Tell us about a project you worked on you are especially proud of and why. What was your role?
My favorite project so far was the one I produced for my own band. It was an awesome experience and I learned a lot! Producing and engineering for yourself is a very hard process because you become so very close to the songs. My role was Artist, Songwriter, Producer, Mixing Engineer, and Mastering Engineer.
What are you working on at the moment?
An LP for a killer up and coming funk/soul band self-titled "The Sweetness", a demo real for my writing team, and an Artist demo for the inspiring artist/writer Ally Honeywell
Analog or digital and why?
Analog is classic. Digital is the future. Analog will never be dead, but I definitely am a true believer in the software emulations from UAD. It's the best of both worlds really. A great engineer can get a great mix out of both.
What's your 'promise' to your clients?
I promise to give you my best work everytime. I will never hold anything back.
What do you like most about your job?
Music, and the people who make it!
What questions do customers most commonly ask you? What's your answer?
What is your background?
I have a Bachelor's Degree in Music Production and Recording Technologies from Shenandoah Conservatory. However, everything I have learned about mixing and production has been while I was accually doing it in the field. College gave me a basic understanding to build off of once I got to Nashville.
What's the biggest misconception about what you do?
Rome wasn't built in a day. Producing and mixing takes time. You can't rush art.
What questions do you ask prospective clients?
What are your goals as an artist?
What do you want to say with the song/album?(vision)
What are your biggest influences?
What's your story?(background)
When is your deadline?
What advice do you have for a customer looking to hire a provider like you?
Open lines of communication are key. Emails, text messages, and phone calls are essential.
If you were on a desert island and could take just 5 pieces of gear, what would they be?
iMac, Apollo, Sm7b, Fender Strat, Komplete Kontrol 61.
What was your career path? How long have you been doing this?
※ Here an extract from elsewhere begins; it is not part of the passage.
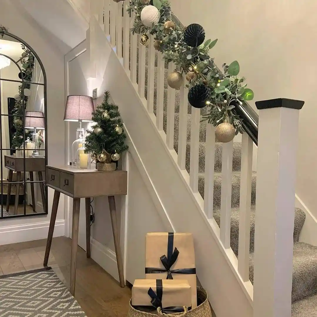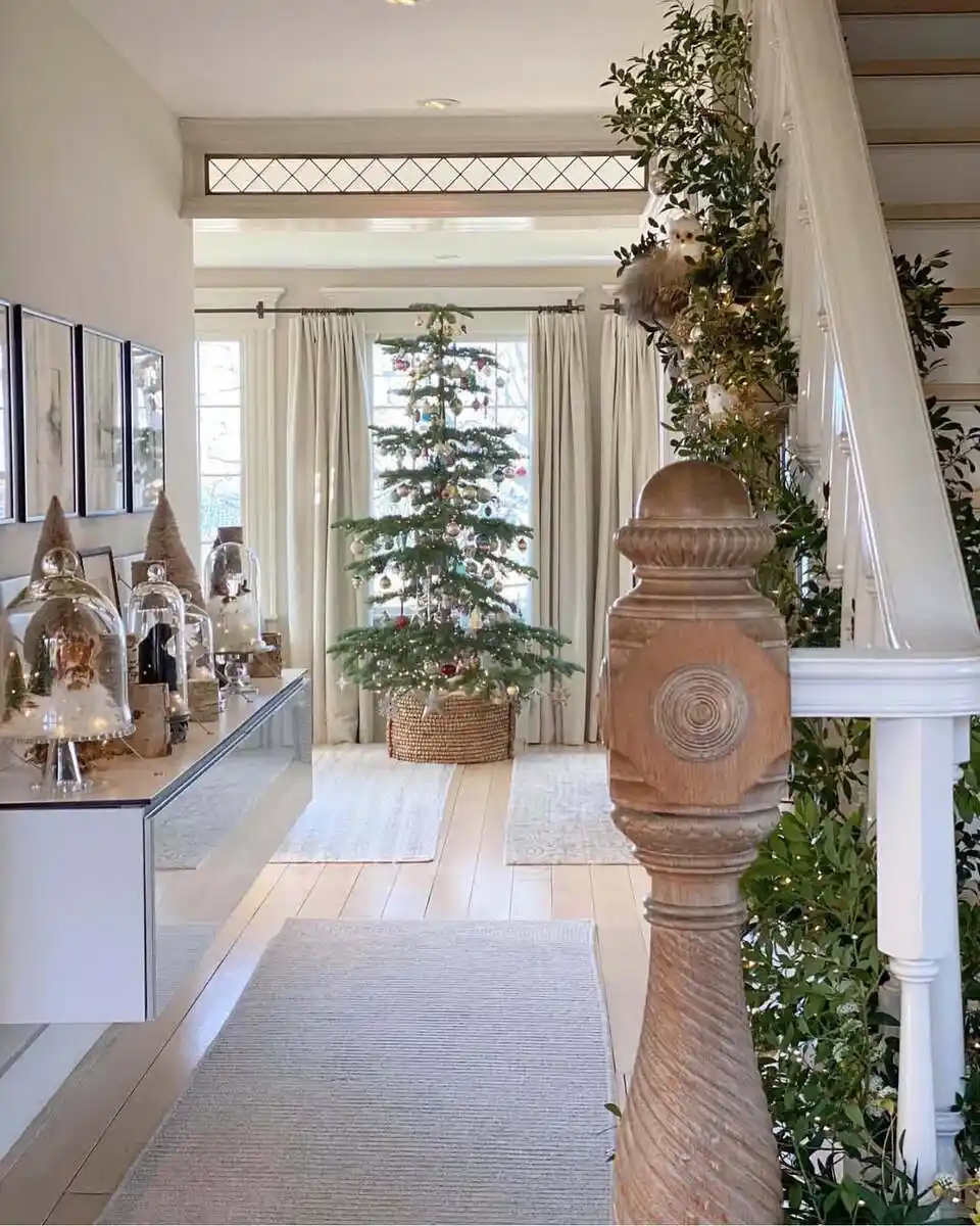 This look is calm and still festive. At the end of the bright hall, place a slim tree in a woven basket and hang only a few delicate ornaments. On the console, line up bell jars with tiny trees or ceramic houses. Wrap the stair in a leafy garland rather than dense pine to keep sightlines open.

I've been working in the recording industry in Nashville for 5 years now. When I first moved to town I was an intern then an assistant at Sony Tree Studios. After working with some of the best producers, engineers, songwriters, and musicians in the business I decided I wanted to take everything I had learn during that time and step into the role of engineer and producer myself. That's when I established Rich Ridgell Productions and began finding songwriters and bands to produce. I've been doing that for the last two years now. Lately I'm doing a lot of full productions for writers and I'm also doing the mixing on the projects. But, I always love to produce something and have someone else mix it, or mix something someone else has produced.
How would you describe your style?
My style is very inspired. I always put the song first, and never let my own ego and vision overtake the artist/writer's.
Which artist would you like to work with and why?
Jon Bellion and Twenty One Pilots. These guys are pushing the limits of music production and I really dig what they've accomplished so far.
Can you share one music production tip?
Don't over compress too early. Most of the tracks I hear from people just starting out have no life because everything is the same volume and intensity the entire time. Music has to breathe and sound alive to be truly transcendent and inspiring.
What type of music do you usually work on?
Country, Rock, Blues, Americana, Funk, and Pop.
What's your strongest skill?
I'm very effective at communication, and I always gives %110 of what's asked of me.
What do you bring to a song?
I only bring what the song asks me to bring. As cheesy as that sounds I focus on the lyrics and vibe that are intended with a track. Also, it depends on my clients goals. A radio country track is going to turn out very different from an Americana deep cut.
What's your typical work process?
It depends on the project. But usually I try to nail down songwriting first then jump to production and tracking. I will do light mixing as I go, but save the majority of mixing for my mix day(s). Once it's mixed and my clients are happy with it I like to step away for a day or two to have fresh ears for mastering. However, in a pinch I can definitely mix and master a track in one day.
Tell us about your studio setup.
My studio setup is very in-the-box. I have a UAD Apollo 8p and I use mostly analog emulations of classic gear. I do have a few outboard pres(Rupert Neve Porticos), a compressor, and a decent mic selection.
What other musicians or music production professionals inspire you?
Too many to list, but right now I'm stuck on Chris Stapelton and Dave Cobb's work together. Other big influences include Dan Huff, Charlie Peacock, Quincy Jones, T-Bone Burnett, and Jon Bellion. My favorite guitarists off all time include SRV, Hendrix, and Wes Montgomery.
Describe the most common type of work you do for your clients.
I do mostly production work, mixing, and guitar playing.
I'm also a songwriter/composer so I make tracks for my writing team to write too, as well as full instrumentation demos/masters for songwriters and bands.